**Required work**
Spot each line in the records below where the word "were" occurs, then copy it.

**Data for analysis**
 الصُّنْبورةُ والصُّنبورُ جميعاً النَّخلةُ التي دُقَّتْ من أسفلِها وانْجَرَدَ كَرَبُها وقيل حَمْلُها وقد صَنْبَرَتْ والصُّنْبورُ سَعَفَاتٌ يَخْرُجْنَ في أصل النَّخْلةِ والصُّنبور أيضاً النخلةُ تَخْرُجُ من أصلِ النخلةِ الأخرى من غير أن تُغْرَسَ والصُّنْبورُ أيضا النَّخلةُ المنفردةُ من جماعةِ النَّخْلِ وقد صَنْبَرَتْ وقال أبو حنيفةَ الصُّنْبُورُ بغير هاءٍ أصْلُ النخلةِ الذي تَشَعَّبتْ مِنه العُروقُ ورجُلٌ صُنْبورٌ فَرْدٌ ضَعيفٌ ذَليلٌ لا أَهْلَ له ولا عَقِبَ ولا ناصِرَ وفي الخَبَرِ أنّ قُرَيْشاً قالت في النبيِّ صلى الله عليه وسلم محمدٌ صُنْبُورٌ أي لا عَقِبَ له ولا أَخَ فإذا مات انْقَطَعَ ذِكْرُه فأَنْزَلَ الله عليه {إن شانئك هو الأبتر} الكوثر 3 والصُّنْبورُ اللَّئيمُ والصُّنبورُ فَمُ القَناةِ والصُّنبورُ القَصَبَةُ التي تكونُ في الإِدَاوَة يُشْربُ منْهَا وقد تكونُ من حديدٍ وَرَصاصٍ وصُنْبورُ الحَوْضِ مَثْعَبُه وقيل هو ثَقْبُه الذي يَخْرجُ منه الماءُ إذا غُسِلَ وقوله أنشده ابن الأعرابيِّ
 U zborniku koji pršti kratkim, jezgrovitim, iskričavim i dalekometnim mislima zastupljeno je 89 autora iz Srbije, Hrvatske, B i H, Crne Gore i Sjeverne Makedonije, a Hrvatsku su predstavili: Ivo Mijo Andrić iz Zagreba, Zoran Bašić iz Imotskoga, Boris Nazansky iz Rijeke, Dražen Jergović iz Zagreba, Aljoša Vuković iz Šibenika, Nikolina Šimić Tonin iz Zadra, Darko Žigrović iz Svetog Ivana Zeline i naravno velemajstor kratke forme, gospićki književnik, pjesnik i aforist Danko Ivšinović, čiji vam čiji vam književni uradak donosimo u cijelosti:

* * *

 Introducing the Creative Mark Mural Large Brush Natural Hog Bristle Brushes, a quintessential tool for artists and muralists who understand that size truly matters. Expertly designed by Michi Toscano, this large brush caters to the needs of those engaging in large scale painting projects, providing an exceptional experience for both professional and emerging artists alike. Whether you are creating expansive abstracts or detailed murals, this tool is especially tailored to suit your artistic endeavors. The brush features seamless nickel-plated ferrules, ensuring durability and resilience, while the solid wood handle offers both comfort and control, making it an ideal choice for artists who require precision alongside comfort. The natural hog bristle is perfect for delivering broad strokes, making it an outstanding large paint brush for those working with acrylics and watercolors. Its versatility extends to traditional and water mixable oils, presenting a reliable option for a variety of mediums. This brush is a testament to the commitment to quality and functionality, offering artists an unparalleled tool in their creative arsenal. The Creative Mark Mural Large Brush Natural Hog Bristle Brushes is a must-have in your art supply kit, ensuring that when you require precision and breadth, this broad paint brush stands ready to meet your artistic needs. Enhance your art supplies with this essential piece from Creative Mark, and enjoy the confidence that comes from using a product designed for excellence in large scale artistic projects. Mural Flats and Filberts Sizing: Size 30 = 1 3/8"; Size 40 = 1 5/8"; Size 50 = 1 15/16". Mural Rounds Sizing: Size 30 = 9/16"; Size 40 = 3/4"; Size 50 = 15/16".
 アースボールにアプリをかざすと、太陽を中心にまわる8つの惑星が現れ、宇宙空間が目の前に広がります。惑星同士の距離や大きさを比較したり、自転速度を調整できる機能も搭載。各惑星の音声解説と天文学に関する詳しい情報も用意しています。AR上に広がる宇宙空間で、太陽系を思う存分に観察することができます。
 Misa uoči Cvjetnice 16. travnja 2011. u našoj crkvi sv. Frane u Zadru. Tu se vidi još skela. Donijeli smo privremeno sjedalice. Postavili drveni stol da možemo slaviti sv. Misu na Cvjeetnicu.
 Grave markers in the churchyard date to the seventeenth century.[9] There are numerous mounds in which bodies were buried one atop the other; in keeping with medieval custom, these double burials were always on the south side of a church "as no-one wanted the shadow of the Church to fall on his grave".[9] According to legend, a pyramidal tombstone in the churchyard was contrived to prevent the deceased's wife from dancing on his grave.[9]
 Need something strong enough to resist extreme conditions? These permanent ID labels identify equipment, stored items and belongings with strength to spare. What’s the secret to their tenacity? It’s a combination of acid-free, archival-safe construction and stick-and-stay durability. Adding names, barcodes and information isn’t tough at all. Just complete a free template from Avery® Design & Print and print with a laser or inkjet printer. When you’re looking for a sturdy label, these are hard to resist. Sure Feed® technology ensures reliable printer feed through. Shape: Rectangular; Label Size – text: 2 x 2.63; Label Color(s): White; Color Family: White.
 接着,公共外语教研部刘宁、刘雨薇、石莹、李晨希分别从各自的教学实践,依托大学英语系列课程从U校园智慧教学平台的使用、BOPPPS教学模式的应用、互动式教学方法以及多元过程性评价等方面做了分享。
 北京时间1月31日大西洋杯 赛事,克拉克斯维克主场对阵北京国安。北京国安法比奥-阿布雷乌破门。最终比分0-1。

...

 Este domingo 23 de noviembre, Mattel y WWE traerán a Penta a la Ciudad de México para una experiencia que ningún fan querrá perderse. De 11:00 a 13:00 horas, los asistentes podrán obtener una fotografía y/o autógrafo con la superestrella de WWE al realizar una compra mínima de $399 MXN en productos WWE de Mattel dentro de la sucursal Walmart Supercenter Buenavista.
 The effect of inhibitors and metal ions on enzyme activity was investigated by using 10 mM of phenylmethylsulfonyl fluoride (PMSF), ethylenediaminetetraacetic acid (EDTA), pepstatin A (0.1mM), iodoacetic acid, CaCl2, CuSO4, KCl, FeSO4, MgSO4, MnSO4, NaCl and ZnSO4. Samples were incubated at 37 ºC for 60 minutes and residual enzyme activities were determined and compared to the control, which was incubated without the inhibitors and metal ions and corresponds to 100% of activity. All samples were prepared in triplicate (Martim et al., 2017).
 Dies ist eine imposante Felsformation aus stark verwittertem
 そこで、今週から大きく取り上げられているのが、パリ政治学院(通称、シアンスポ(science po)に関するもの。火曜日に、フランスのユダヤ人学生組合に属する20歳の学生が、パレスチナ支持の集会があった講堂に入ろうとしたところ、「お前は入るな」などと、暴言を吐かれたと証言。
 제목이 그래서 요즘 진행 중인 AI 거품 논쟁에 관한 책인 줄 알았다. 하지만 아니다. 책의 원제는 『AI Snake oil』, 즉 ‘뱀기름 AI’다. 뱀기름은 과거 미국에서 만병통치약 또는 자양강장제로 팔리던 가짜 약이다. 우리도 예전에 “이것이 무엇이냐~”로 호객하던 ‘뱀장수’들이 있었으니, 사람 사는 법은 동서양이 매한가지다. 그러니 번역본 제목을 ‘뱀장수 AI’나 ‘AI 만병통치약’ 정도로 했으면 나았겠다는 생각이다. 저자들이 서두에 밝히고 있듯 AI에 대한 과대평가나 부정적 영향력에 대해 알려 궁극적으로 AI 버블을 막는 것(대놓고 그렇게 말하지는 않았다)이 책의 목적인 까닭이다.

**Solution to this task**
 Grave markers in the churchyard date to the seventeenth century.[9] There are numerous mounds in which bodies were buried one atop the other; in keeping with medieval custom, these double burials were always on the south side of a church "as no-one wanted the shadow of the Church to fall on his grave".[9] According to legend, a pyramidal tombstone in the churchyard was contrived to prevent the deceased's wife from dancing on his grave.[9]
 The effect of inhibitors and metal ions on enzyme activity was investigated by using 10 mM of phenylmethylsulfonyl fluoride (PMSF), ethylenediaminetetraacetic acid (EDTA), pepstatin A (0.1mM), iodoacetic acid, CaCl2, CuSO4, KCl, FeSO4, MgSO4, MnSO4, NaCl and ZnSO4. Samples were incubated at 37 ºC for 60 minutes and residual enzyme activities were determined and compared to the control, which was incubated without the inhibitors and metal ions and corresponds to 100% of activity. All samples were prepared in triplicate (Martim et al., 2017).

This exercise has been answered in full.